# How to Round Off Numbers in R Language

The R language is capable of performing from easy to advanced numerical calculations. Although R can compute any computation up to 16 digits accurately, a user may not always want to use (or get) that too many digits in his final results or computations. In such cases, one can use a couple of functions to round off numbers in R Language. To round off a number to two or more digits after the decimal point, one can use the round() function as follows:

### Round off Numbers in R Language

round(123.456,digits = 2)

##
123.46

One can also use the round() function to round off numbers to multiples of 10, 100, and so on. For that purpose, one just needs to add a negative number as the digits argument: For example

round(-123.456,digits = -2)

##
-100

### Significant Digits in R Language

If someone needs to specify the number of significant digits to be retained, regardless of the size of the number, you use the signif() function instead:

signif(-123.456,digits = 4)
##
-123.5

signif(-123.456, digits=3)
##
-123

signif(-123.456, digits=2)
##
-120

Both round() and signif() round off the numbers to the nearest possible number. So, if the first digit that is dropped is smaller than 5, the number is rounded down. If the number is bigger than 5, the number is rounded up. On the other hand, if the first digit that is dropped is exactly 5, R Language uses a rule that is common in programming languages: Always round to the nearest even number.

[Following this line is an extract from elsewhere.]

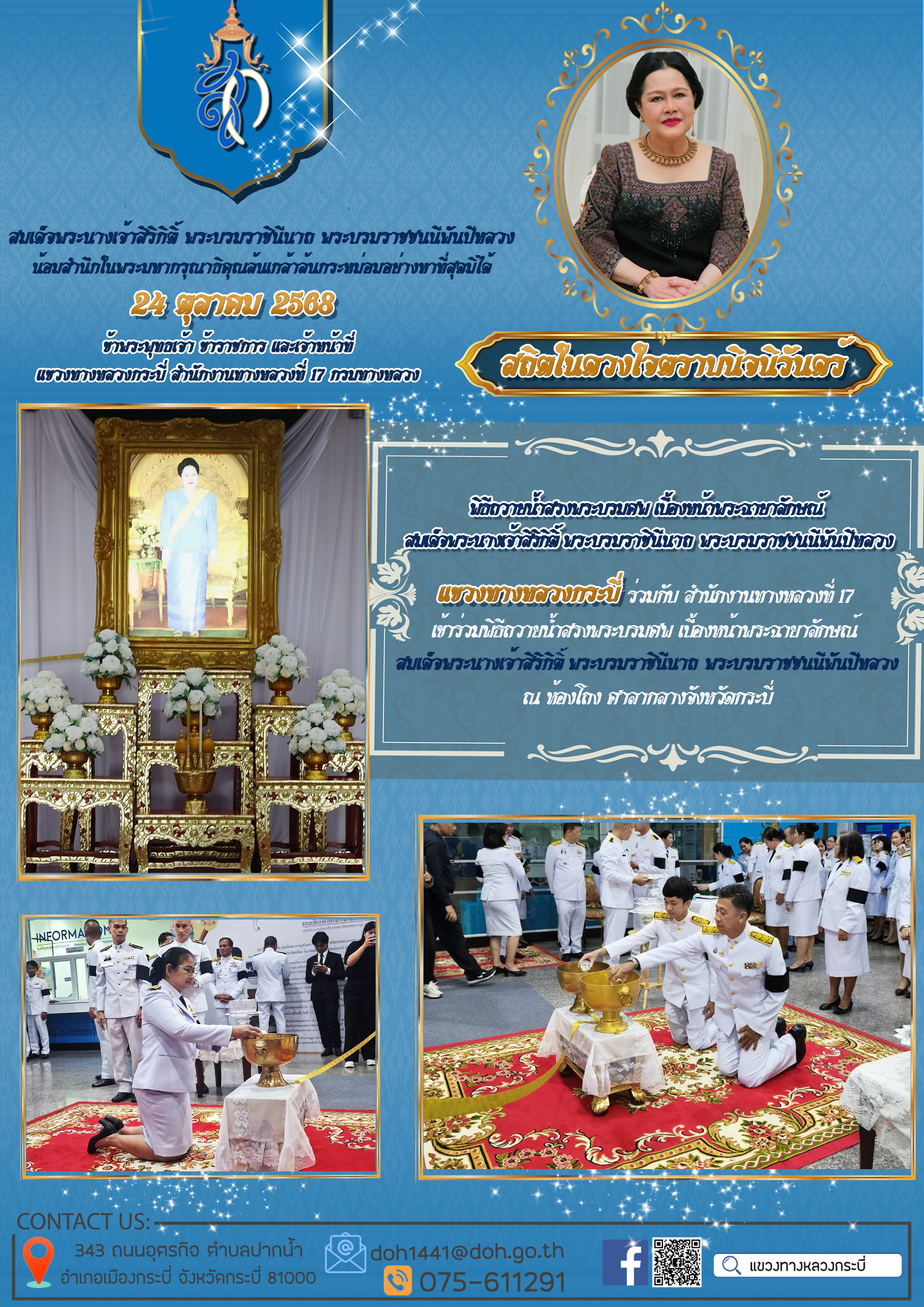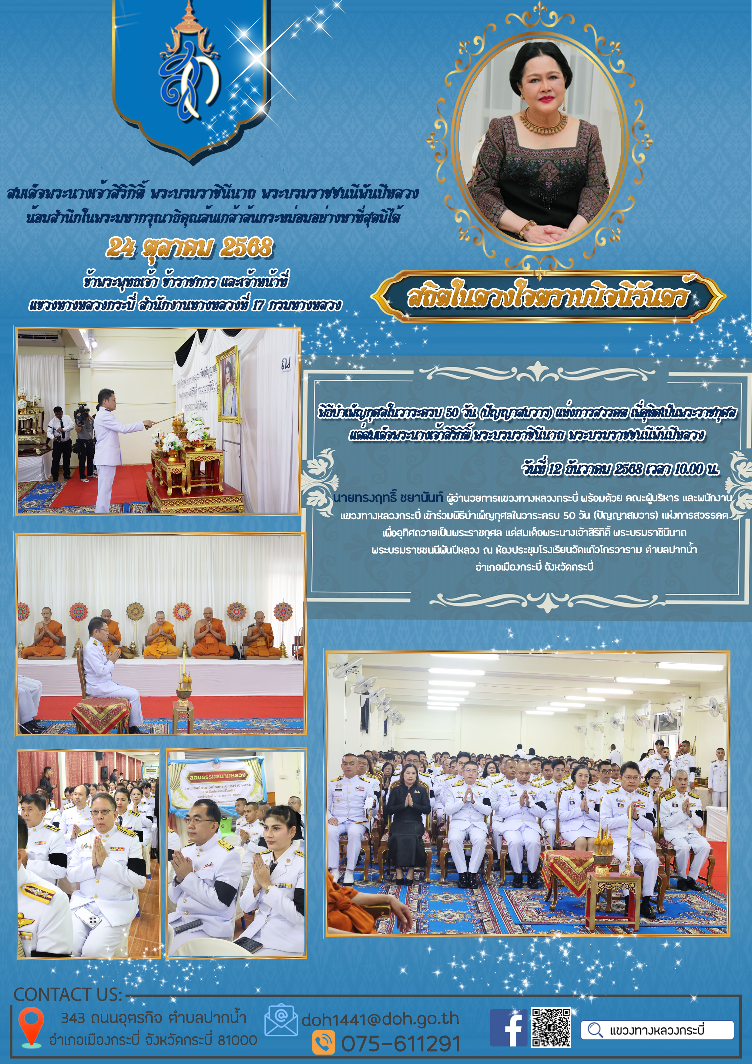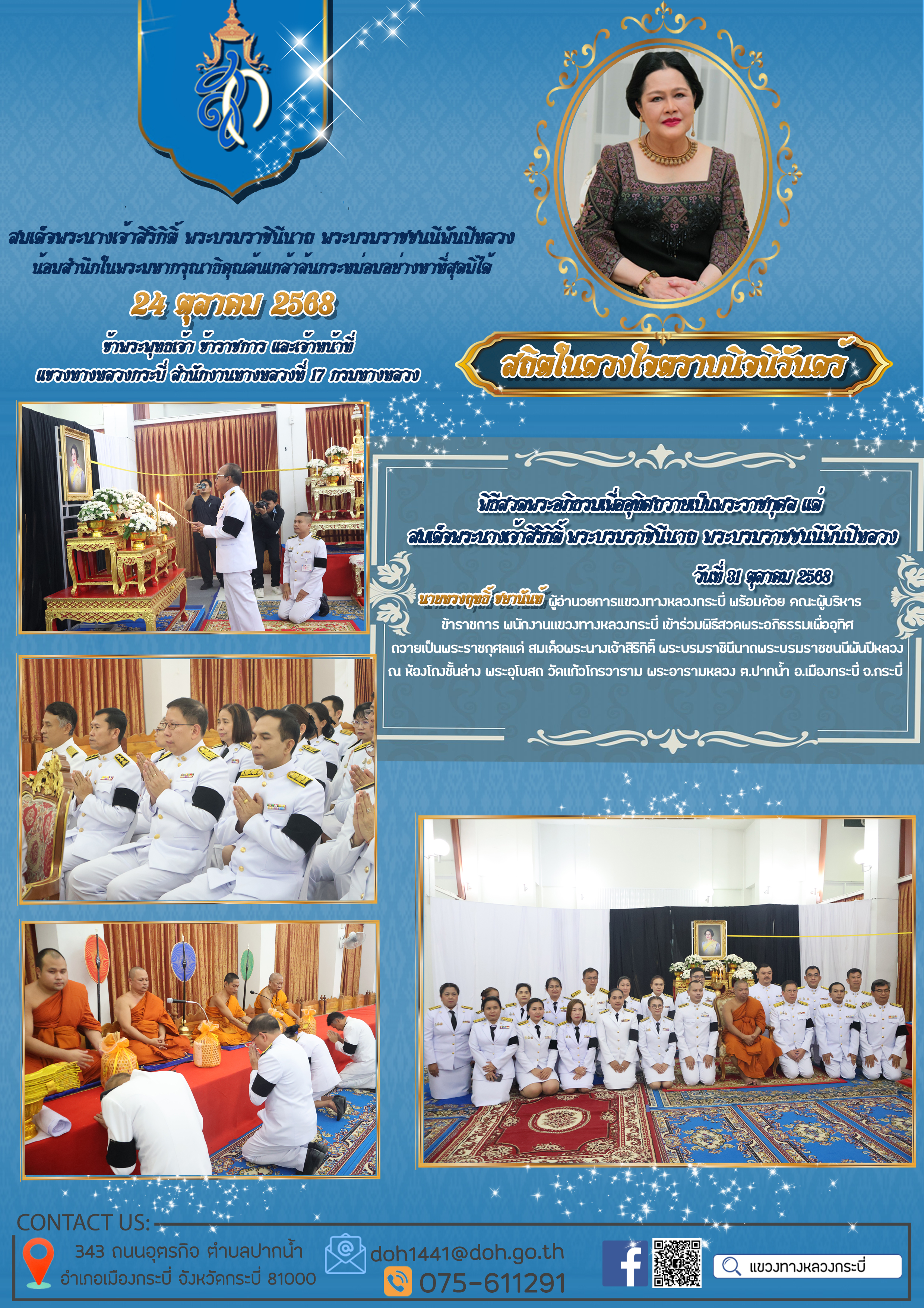 แขวงทางหลวงกระบี่ ร่วมกับหน่วยงานในสังกัดกระทรวงคมนาคมเป็นเจ้าภาพในการประกอบพิธีธรรมสวดพระอภิธรรม เพื่ออุทิศถวายพระราชกุศลแด่สมเด็จพระนางเจ้าสิริกิติ์ พระบรมราชินีนาถ พระบรมราชชนนีพันปีหลวง

For example, round(1.5) and round(2.5) both return 2, Similarly, for example, round(-4.5) returns -4.

### Rounding off Numbers floor(), ceiling(), and trunc() Functions

Contrary to round(), three other functions always round off the numbers in the same direction:

floor(x) rounds to the nearest integer that is smaller than $x$. So, floor(123.45) becomes 123 and floor(-123.45) becomes –124.

ceiling(x) rounds to the nearest integer that’s larger than $x$. This means ceiling(123.45) becomes 124 and ceiling(-123.45) becomes –123.

trunc(x) rounds to the nearest integer in the direction of 0. So, trunc(123.65) becomes 123 and trunc(-123.65) becomes –123.